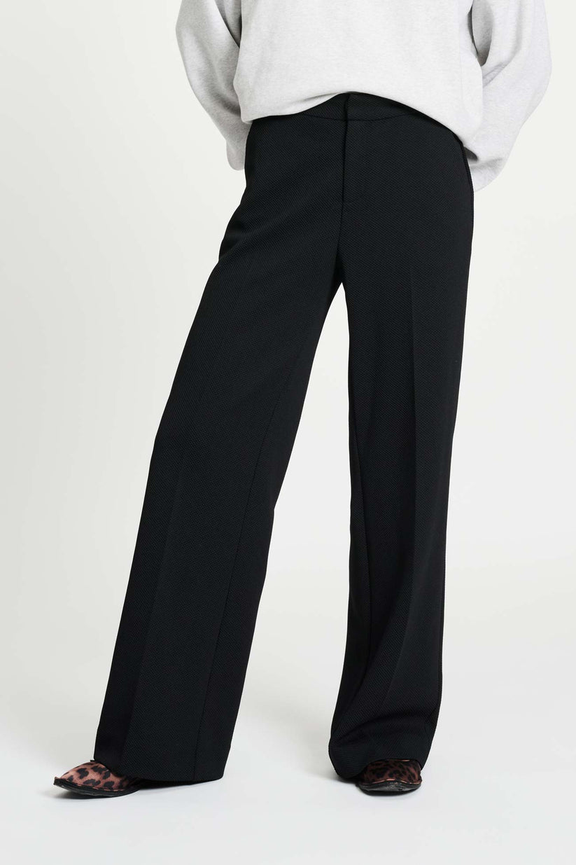 Deze zwarte broek, gemaakt van hoogwaardige piqué stof, combineert comfort met stijl dankzij het elegante wide leg model. Deze broek biedt niet alleen een trendy uitstraling, maar is ook gemaakt van duurzamer materiaal, waardoor de broek ‘more sustainable’ is.
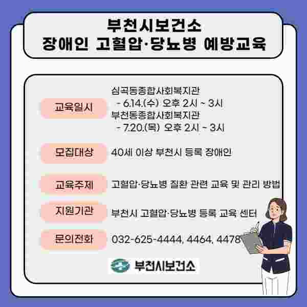 [금요저널] 부천시는 40세 이상 부천시 등록 장애인을 대상으로 고혈압·당뇨병 예방 교육을 진행한다.
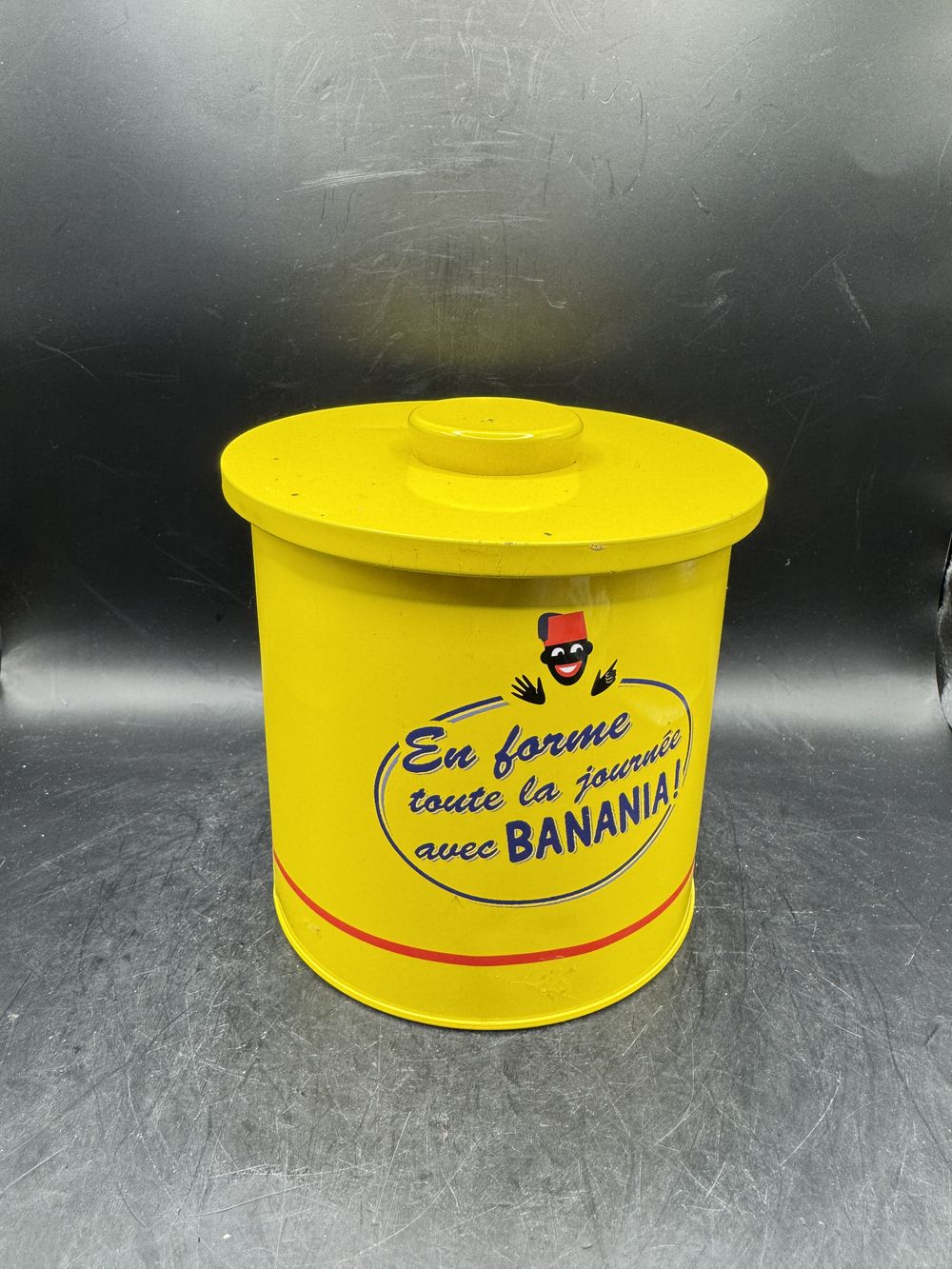 Boîte cylindrique publicitaire Banania vide – En tôle et lithographiée – De 2014 – Collection – Décoration

* ACTION ITEM *
Recopy the full listing exactly, passing over any picture.

* TASK OUTPUT *
 Deze zwarte broek, gemaakt van hoogwaardige piqué stof, combineert comfort met stijl dankzij het elegante wide leg model. Deze broek biedt niet alleen een trendy uitstraling, maar is ook gemaakt van duurzamer materiaal, waardoor de broek ‘more sustainable’ is.
 [금요저널] 부천시는 40세 이상 부천시 등록 장애인을 대상으로 고혈압·당뇨병 예방 교육을 진행한다.
 Boîte cylindrique publicitaire Banania vide – En tôle et lithographiée – De 2014 – Collection – Décoration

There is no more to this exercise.